Представляет интерес само обозначение в Петиции объекта пастырской заботы нитранского епископа Вихинга — «какой-то новообращенный народ». Словом gens, использованным в данном случае авторами Петиции, в раннесредневековых источниках обозначалась, как известно, этнополитическая общность. Казалось бы, протест против создания новой церковной организации в Моравии требовал от епископов максимально тщательной аргументации своей позиции, включая точное определение «народа», находившегося в юрисдикции Нитранской церкви. Почему же авторы Петиции не называют имени новообращенного народа? Из числа исследователей, обращавшихся к проблеме «новообращенного народа», лишь Д. Тржештик счел необходимым специально прокомментировать это обстоятельство. Отождествляя «новообращенный народ» с жителями упоминаемой в Фульдских анналах «страны Святополка», соответствовавшей, по его мнению, самой Нитранской области, Д. Тржештик писал: «…или regnum Святополка не являлось землей никакой gens и баварские епископы в 900 г. ошибались, или это имя было забыто, так как после 30-х годов IX в. оно было уже (как имя) неактуальным» [25. S. 131−132]. Даже безотносительно к сомнительному для нас отождествлению «новообращенного народа» с жителями Нитранской области, предлагаемая Д. Тржештиком альтернатива (либо епископы ошибались и gens не существовала, либо епископы не ошибались, но имя этнополитической общности было забыто) представляется излишне жесткой. Исследователь исходил из того, что термином «gens» обязательно должна была обозначаться уже сложившаяся этнополитическая общность, обладавшая собственным именем. Между тем, как будет показано ниже, ситуация на пост-аварском пространстве могла быть более сложной.
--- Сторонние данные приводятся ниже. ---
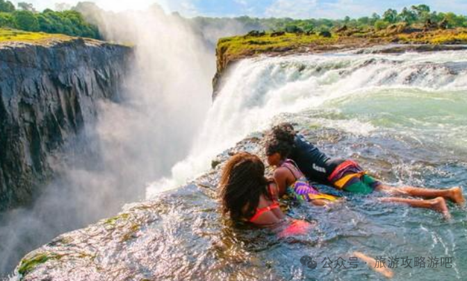 在尚比亚维多利亚瀑布边缘,有一个名为“死亡泳池”的天然水池,勇敢者在这里游泳,仿佛与死神擦肩而过。
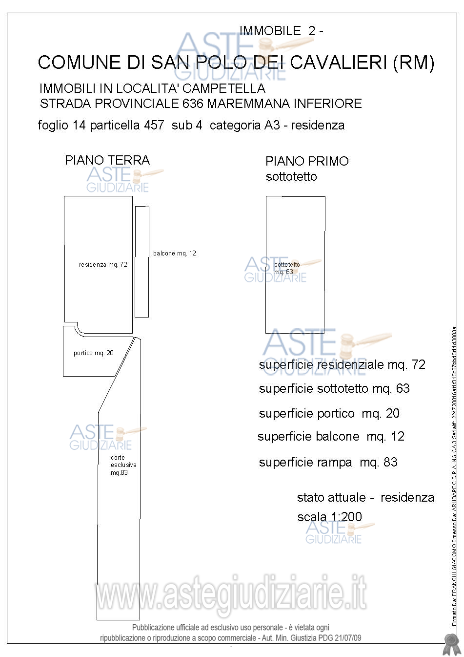 Custode Giudiziario: Ivg Di Roma Srl - Email "pvp@visiteivgroma.it"; Tel. 06/89569801.
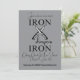 Iron sharpens Iron with crossing knives Christian Men's Retreat Invitations. Simple modern typography. Proverbs 27:17 in the King James Version of the Bible says, "Iron sharpeneth iron; so a man sharpeneth the countenance of his friend". KJV scripture verse. Design also available on a t-shirt and accessories. Add your Church Name/Venue or City/Date of Event/Website or RSVP info.
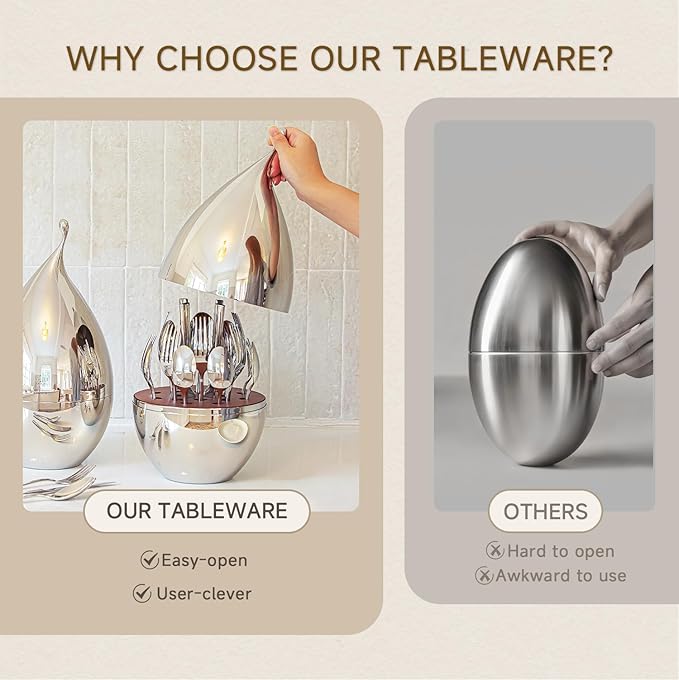 - Premium Craftsmanship: Flatware Set withWaterdrop Storage Organizer are all made Handcrafted from mirror-polished stainless steel for a stunning, silver-like shine.The storage capsule inside haveblack walnut wood adds a touch of sophistication and contrasts beautifully with the gleaming cutlery
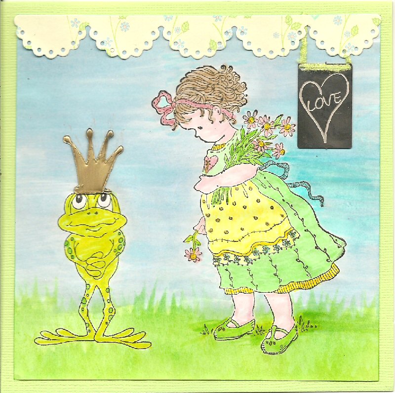 I masked and stamped the Penny Black image 'Pickin' Posies' (which is a rather old stamp) and coloured it using Tombow markers. The frog is by 'Sparkle N Sprinkle' and also coloured with Tombow markers. The background is a water wash of Distress ink 'Tumbled Glass' and 'Stormy Sky'. For the grass I used an All Night Media (think this company has folded) stencil/template 'Summer Fun' and dye ink 'Chartreuse' by Impress. I cut a scalloped edge out of Patterned paper with an MFT die from Blueprints #6. The crown on the frog was clear acetate I coloured the back with Gold Krylon pen. The 'love' metal charm I bought in Europe 15 years ago...maker unknown. A touch of Gold Glitter Wink of Stella brush on the girl's dress and Clear Glitter Wink of Stella on her hair ribbon.
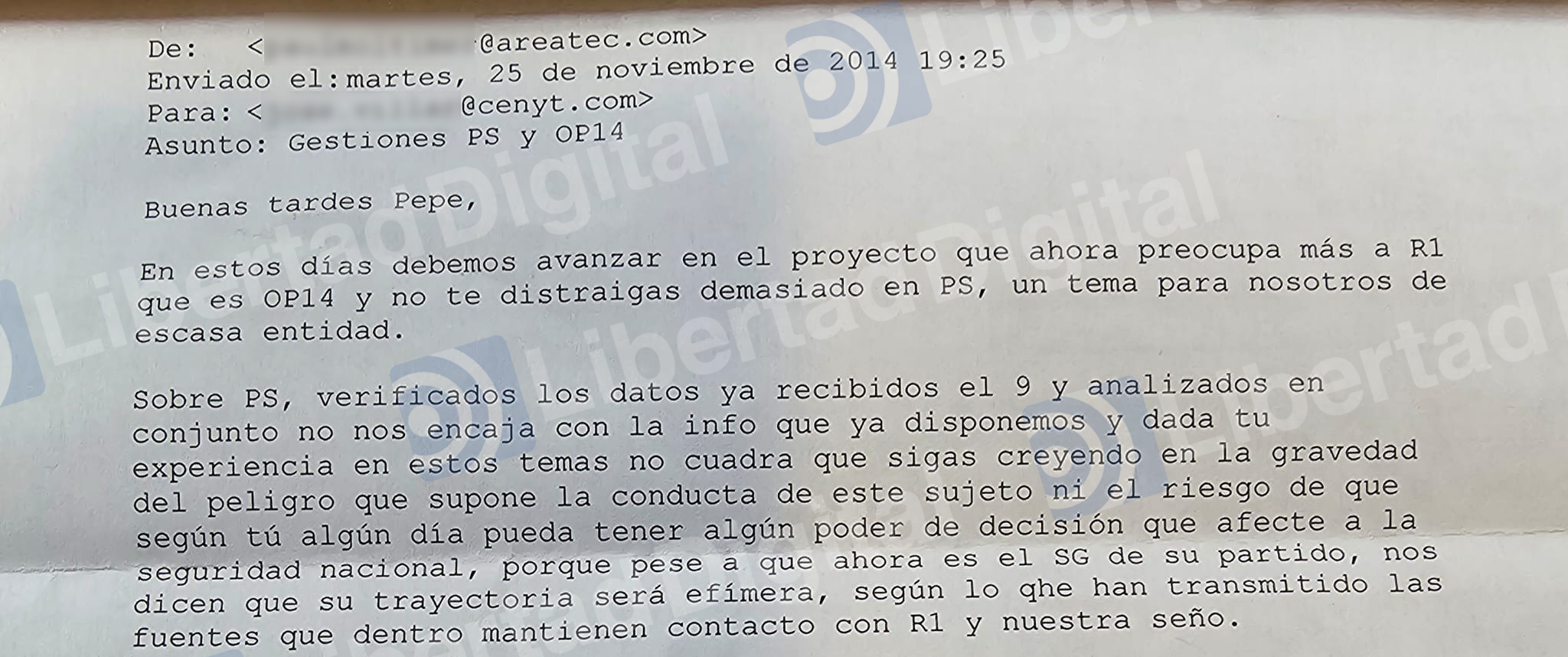 La contestación del CNI a las advertencias de Villarejo sobre Pedro Sánchez que desvela este diario se produjo concretamente el 25 de noviembre de 2014 a las 19:25 horas con el asunto "Gestiones PS y OP14". Un agente de la Inteligencia Española escribe un email al comisario desde una cuenta de correo electrónico que utiliza el dominio "areatec.com". Este dominio encubierto, no oficial, lo utilizó el servicio de inteligencia español durante años para comunicaciones sensibles, correos electrónicos y operaciones.

Так, представляется неслучайным, что в источниках, современных интересующему нас периоду, мы не находим известий о существовании каких-либо этнополитических общностей на территории восточной части бывшего Аварского каганата, за исключением, возможно, лишь одной общности, пока не поддающейся точной локализации, — преденецентов. Впервые преденеценты упоминаются в «Анналах королевства франков» под 822 г., где они называются в числе «восточных» славянских народов, приславших посольства ко двору Людовика Благочестивого [14. P. 159]. Второе упоминание относится к 824 г., когда послы «ободритов, которые обыкновенно именуются преденецентами» и населяют прилежащую к Дунаю Дакию у границ Болгарии, явились ко двору франкского императора просить помощи против болгар [14. P. 165−166]. И, наконец, третье известие, возможно, имеющее отношение к данной общности, — это упоминание во второй части «Баварского географа» народа Osterabtrezi [7. C. 14], который в историографии часто идентифицируется с «восточными ободритами», то есть преденецентами [обзор мнений см.: 7. C. 22].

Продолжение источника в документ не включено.